Une vie au ralenti – Part.3

« Il y a ici un appétit d’essentiel sans cesse entretenu par le spectacle d’une nature où l’homme apparaît comme un humble accident, par la finesse et la lenteur d’une vie où la lenteur tue le mesquin. » – Nicolas Bouvier dans L’Usage du monde (1963).
C’était comme une parenthèse de respiration, condamnant tout ce qui va trop vite. Un souffle long de deux mois. Une pleine conscience après les nerfs à vif. Est-ce que cela durera-t-il ? L’intensité d’une vie retrouvée bousculera-t-elle ce calme plat ?
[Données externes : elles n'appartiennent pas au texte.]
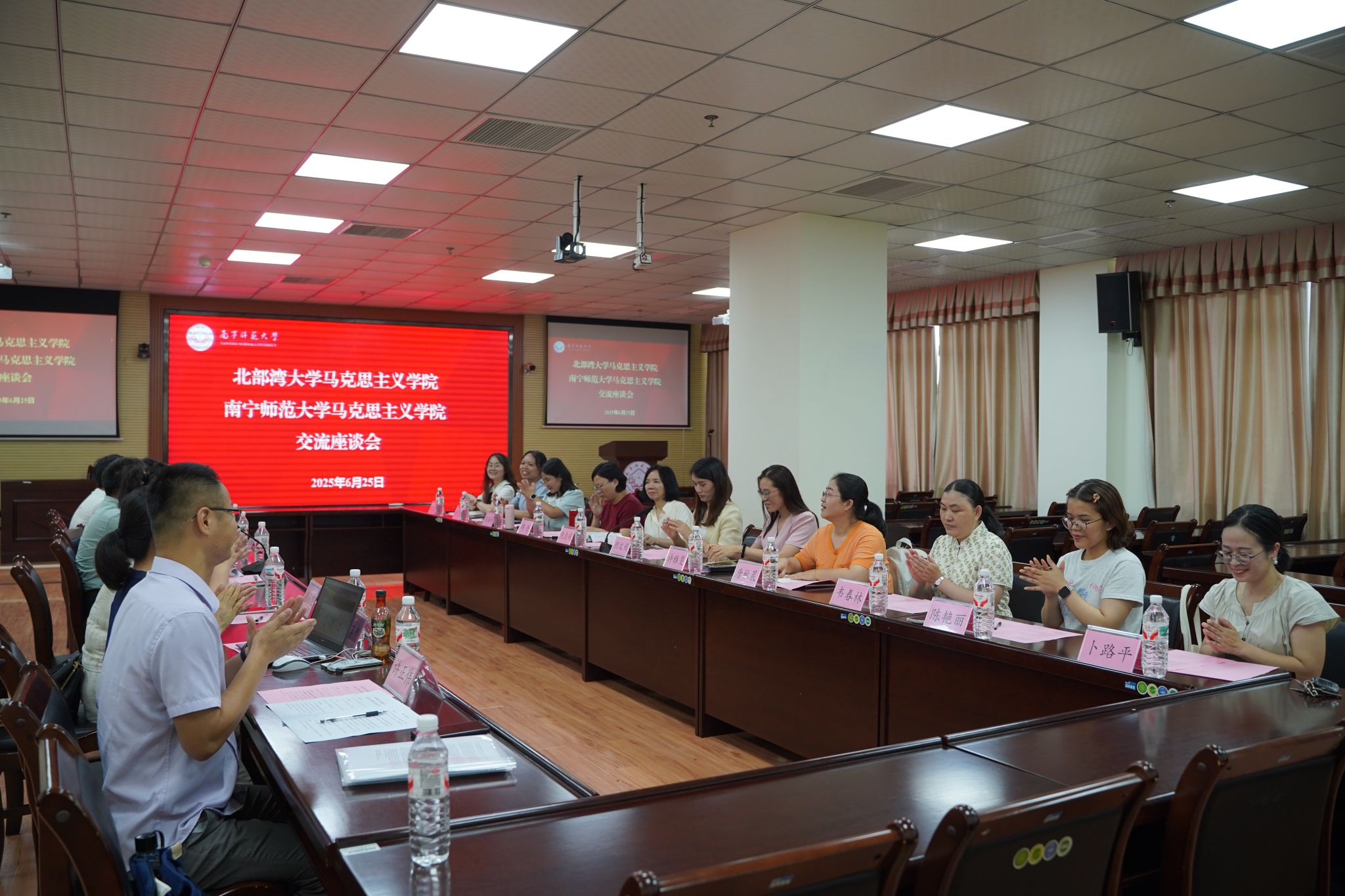 随后,双方在8B215学术报告厅进行座谈。经理助理谢丽丽对北部湾大学十大正规买足球网站的来访表示欢迎,并简要介绍公司办学历史、团队建设及教学改革成果,重点阐述“行走的思政课”特色课程建设,强调公司以改革创新增强思政课思想性与亲和力,落实立德树人根本任务。座谈会上,双方聚焦思想道德与法治教研室建设、思政课理论创新与实践改革、集体备课、教学比赛及考评方式等议题深入探讨。颜文娟对公司的接待表示感谢,提出加强两院合作、共享经验的意愿。

Le 11 mai sera la fin. La fin d’un monde étrange, d’un rêve éveillé. Mais une question subsiste : qu’est-ce qu’il y aura, après ?
Le contact social, le travail, nos envies, nos besoins, tout va évoluer. Peut-être que nous serons-nous, nous-mêmes, des êtres plus évolués. Nous serons sans aucun doute marqués. Mais serons-nous… Réveillés ? Il était temps que nos habitudes changent, que nous vivions localement. Que les gestes d’entraide fleurissent, que le sourire déride nos visages endormis. Qu’il ne reste que le moment présent. Le printemps a plus que jamais déposé son voile d’air chaud et de verdure sur notre terre. Mars et ses débuts d’espoir, Avril et ses giboulées, Mai et sa météo imparfaite. Les oiseaux, peu importe le temps, sont, eux, toujours à la fête. Ils nous jettent aux oreilles l’image grossière de notre situation. Ils nous défient de les rejoindre mais nous surveillent, aussi. Notre liberté est un enjeu, un échiquier où chaque coup nous fera soit avancer, soit reculer. En attendant, pour encore quelques jours, nous acceptons cette musique et son constat désagréable : c’est vrai que, sans nous, ils semblaient bien heureux.

Le 11 mai sera le début. Le début de “l’après” . Le premier jour du reste du mois de mai. Nous aurons envie d’humain, de toucher, nous aurons envie de rire, de sentir l’air sur nos mollets. Les lunettes de soleil campés sur notre nez, nous regarderons le ciel. Ou au mieux, le haut des immeubles. Nous aurons cette impression de journée sans fin, de scène comme dans les films. La vie aura une bande-son, une autre photographie, un cadre plus grand. Nous vivrons les mêmes moments qu’avant, ceux qui nous paraissaient anodins, comme des viviers de bonheurs simples. Une vie en Kaléidoscope. Un filtre à la Jean-Pierre Jeunet. Etre en famille, entre amis, frôler l’herbe, sentir le vent du mi-printemps fouetter nos joues, balayer nos cheveux, piquer notre nez. Regarder les premières traces rouges que le soleil a laissé, sur nos bras dénudés. S’allonger sur une dalle de béton chaud, le sac sous notre tête. Faire glisser sous nos doigts les tiges folles de nos plaines vertes.
L’intensité d’un quotidien retrouvé bousculera sûrement nos songes engourdis. A nous alors de décider si nos vieux rêves doivent reprendre vie.


Mes pensées pour les proches des personnes décédées durant l’épidémie, pour le courage et la force de l’ensemble du personnel soignant et les travailleurs restés à nos côtés, au quotidien.